Where, \({h_i}\) represents the hidden vector corresponding to the i th character, \({h_i} \in {\mathbb {R}^m}\), where m is the dimension of the contextual semantic embedding vector, \(BiLSTM\left( \cdot \right)\) extracts contextual semantic vectors, and \(FC\left( \cdot \right)\) maps the embedding vectors to the m-dimensional space.

After obtaining the contextual embedding vectors, we used fully connected layers and a prototype network based on the cosine distance to predict the four-scale bounding boxes and infer the length and category information of the entity bounding box. Taking B-max as an example, the length of the entity bounding box is calculated as follows:

$$\begin{aligned} l_i^{B - \max } = W_L^{B - \max }{h_i} + b_L^{B - \max } \end{aligned}$$
(8)

\(l_i^{B - \max }\) corresponds to the one-hot length vector of the longest entity starting from \({w_i}\), \(l_i^{B - \max } \in {\mathbb {R}^{{N_l}}}\). \(W_L^{B - \max } \in {\mathbb {R}^{m \times {N_l}}}\), \(b_L^{B - \max } \in {\mathbb {R}^{{N_l}}}\) are trainable parameters of the B-Max length prediction classifier.

$$\begin{aligned} \ell w_i^{_{B - \max }} = - \sum \limits _{k = 1}^{{N_l}} {\overline{l} _{i,k}^{B - \min }} \log l_{i,k}^{B - \min } \end{aligned}$$
(9)

The category of entity bounding boxes is calculating by first computing the probability that each textual implicit vector \({h_i}\) belongs to some prototype \({m_{jk}}\):

$$\begin{aligned} p\left( {x \in m_{pq}^{B - \max }\left| x \right. } \right) = \frac{{{e^{ - \gamma d\left( {{h_i},m_{pq}^{B - \max }} \right) }}}}{{\sum \nolimits _{k = 1}^C {\sum \nolimits _{l = 1}^K {{e^{ - \gamma d\left( {{h_i},m_{kl}^{B - \max }} \right) }}} } }} \end{aligned}$$
(10)

Where \(d\left( \cdot \right)\) represents the distance function that calculates the distance between different vectors, and \(\gamma\) is a constant, the probability that the entity belongs to the category is calculated as:

$$\begin{aligned} {p_{B - \max }}\left( {y\left| x \right. } \right)&= \sum \limits _{q = 1}^K {p\left( {x \in m_{yq}^{B - \max }\left| x \right. } \right) } \end{aligned}$$
(11)
$$\begin{aligned} \ell c_i^{_{B - \max }}\left( {\left( {x,y} \right) ;\theta ,\left\{ {m_{pq}^{B - \max }} \right\} } \right)&= - \frac{1}{N}\sum \limits _{k = 1}^N {{y_k}} \log \left( {{p_{B - \max }}\left( {y\left| x \right. } \right) } \right) , \left\{ \begin{array}{l} {y_k} = 1,if\;label = k\\ {y_k} = 0,otherwise \end{array} \right. \end{aligned}$$
(12)

The loss of the entity bounding box is:

$$\begin{aligned} {\mathscr {L}}_i^{B - \max } = \ell w_i^{_{B - \max }} + \ell c_i^{_{B - \max }} \end{aligned}$$
(13)

The overall loss of the input is:

$$\begin{aligned} {\mathscr {L}} = \sum \limits _{i = 1}^{Nc} {\left( {{\mathscr {L}}_i^{B - \max } + {\mathscr {L}}_i^{B - \min } + {\mathscr {L}}_i^{E - \max } + {\mathscr {L}}_i^{E - \min }} \right) } \end{aligned}$$
(14)

Where \({\mathscr {L}}_i^{B - \min }\), \({\mathscr {L}}_i^{E - \max }\) and \({\mathscr {L}}_i^{E - \min }\) correspond to the losses of the other three entity bounding boxes, respectively.

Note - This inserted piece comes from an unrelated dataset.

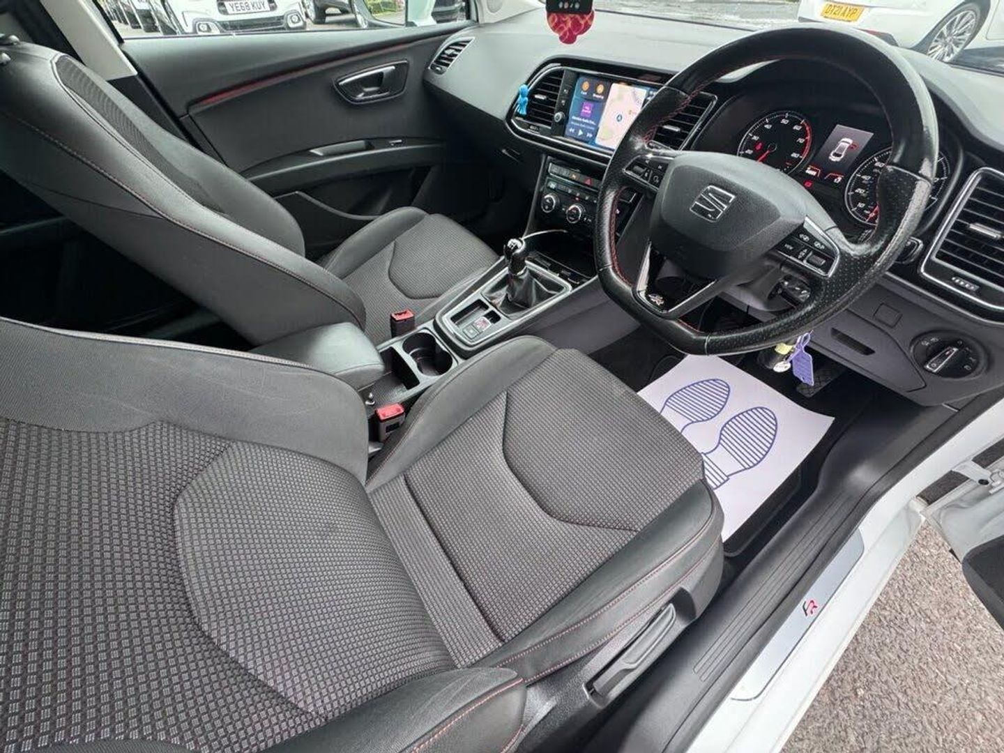 12V Power Supply in Centre Console, 17in Alloy Wheels - Dynamic 30-2, 7 Airbags, ABS and Traction Control System - TCS - Electronic Stability Control - ESC - and Electronic Differential Lock System - XDS, Alarm - Volumetric, Body-Coloured Door Handles, Body-Coloured Door Mirrors with Integrated LED Indicators, Boot Storage Net, Bumpers - Exclusive FR Front and Rear, Cargo Rings in the Boot, Convenience Pack Plus, Cruise Control, Dark Tinted Rear Windows, Digital Clock, Driver and Passenger Seat Height Adjustment, Driver and Passenger Sunvisor with Covered and Illuminated Mirrors, Drivers Seat Lumbar Adjustment, Dual Zone Climate Control, ESC - Electronic Stability Control and Tyre Pressure Warning Light Indicator, Electric Parking Brake Including Autohold Function, Electrically Adjustable and Heated Door Mirrors, Electrically Foldable Exterior Mirrors with Parking Position and Passenger-Side Mirror with Lowering, Electro-Mechanical Power Steering, Electronic Differential Lock System - XDS, Emergency Tyre Repair Kit, Front Assist with Pedestrian Protection, Front Seat Back Storage Pockets, Front Sports Seats, Front and Rear Electric Windows, Front and Rear Parking Sensors, Full LED Headlights, Gearshift Indicator, High Centre Console, High Gloss Black B and C Pillars, Hill Hold Control, ISOFIX Points in Outer Rear Seats with Top Tether Anchorage Points, Illuminated Aluminium Front Door Sill Trims with FR Logo, Instrument Lighting with Brightness Control, Interior Chrome Detailing, Interior FR Black - Black Glossy, LED Interior Illumination Pack, Lights Left On Warning Buzzer, Low Fuel Warning Light, Lower Suspension - 15mm, Multi Coloured Ambient Lighting, Multi-Collision Braking System, Navigation System, Outside Temperature Gauge, RPM Counter, Radiator Grille Frame in Chrome, Radiator Grille in Black, Remote Central Locking with Deadlocks, SEAT Drive Profile, SEAT Full Link Smartphone Integration - Mirror Link - Apple CarPlay - Google Android Auto, Seatbelt Reminder - Front, Seats - Passenger Lumbar Adjustment, Split Folding Rear Seats - 60-40, Sports Suspension, Steering Wheel - Flat-Bottomed Perforated Leather with Red Stitching and FR Logo, Storage Box Under Drivers Seat, Trip Computer, Two Folding Keys with Window Open-Close - Door and Boot Opening Functionality, Two Height-Adjustable Front and Rear Headrests, Two Remote Keys with Window Open-Close - Door Mirror Folding and Boot Opening Functionality, USB Cable for Apple and Android Compatibility, Visual Twin Exhaust Pipes

In this loss function, the prototype network loss extends the DCE loss when applying transformer-based models. The formula demonstrates that optimizing the classification loss function will minimize the distance between the model’s predicted outputs and the corresponding prototypes. This loss function can simultaneously optimize all associated prototypes and the model.This contrasts with optimization methods such as MCE and MCL20, which optimize one prototype at a time, thereby accelerating the convergence of the algorithm. Unlike classification tasks in computer vision, we decompose the loss of the entire text sentence into the loss of each character concerning the prototypes and then obtain the loss of the whole sentence by summing or averaging. Experiments were conducted to validate the feasibility and effectiveness of the proposed method.

Experiments

Datasets

This algorithm is primarily used for CNNER. To evaluate its effectiveness, we used three datasets: ACE200543, ChiNesE36, and the People’s Daily44(also known as RENMIN). ACE2005 is a multilingual dataset collected from various sources, including broadcasts, newswires, and weblogs, and it comprises English, Arabic, and Chinese data. Among the labels, “Person” boasts the highest sample count, with 14,539 instances, whereas “Weapon” exhibits the lowest, with only 374 instances. This is currently the most widely used dataset for NNER. Following Lu’s work45, we set the ratio of the training, validation, and test data to 8:1:1. The ChiNesE dataset, constructed from Chinese Wikipedia data, is better suited for CNNER tasks, and the division of the training, validation, and testing datasets was determined by the original dataset partitioning. The label with the largest number of samples is “Person,” comprising 20,510 entries, whereas the label with the smallest number of samples is “Organisms,” consisting of 3,326 entries. The People’s Daily dataset includes both non-nested and nested NER. The maximum number of samples in the dataset tested above is 5-40 times the minimum number of samples, which can effectively validate the model performance under the condition of uneven sample distribution. The details of the dataset analysis are presented in Table 1:

Table 1 Statistics of the datasets NEs.

Experimental setting

Transformer-based models, such as BERT13, RoBERTa46, LongFormer47, and RoFormer48 are commonly used in Chinese text processing because of their effectiveness. Concerning the selection of the transformer model, a series of experiments were conducted using the aforementioned transformers on different data sets. Subsequently, the model demonstrating the optimal performance was selected as the encoder. Subsequently, a Bi-LSTM model was used to capture additional contextual information, followed by a fully connected layer to get the hidden vector. The dimension of the prototype vector is denoted as \({N_c} \times {N_P} \times 768\), where \({N_c}\) represents the number of prototype categories and \({N_P}\) represents the number of prototypes in each category. The cosine distance function is chosen as the distance function between vectors and prototypes, maintaining a consistent distance interpretation, defined as \(d\left( {x,y} \right) = 1 - \lambda \cos \left( {x,y} \right)\). Experiments were conducted on the ACE2005, ChiNesE, and People’s Daily datasets. The main parameters are set as follows in the table 2:

Table 2 Hyperparameters when training models.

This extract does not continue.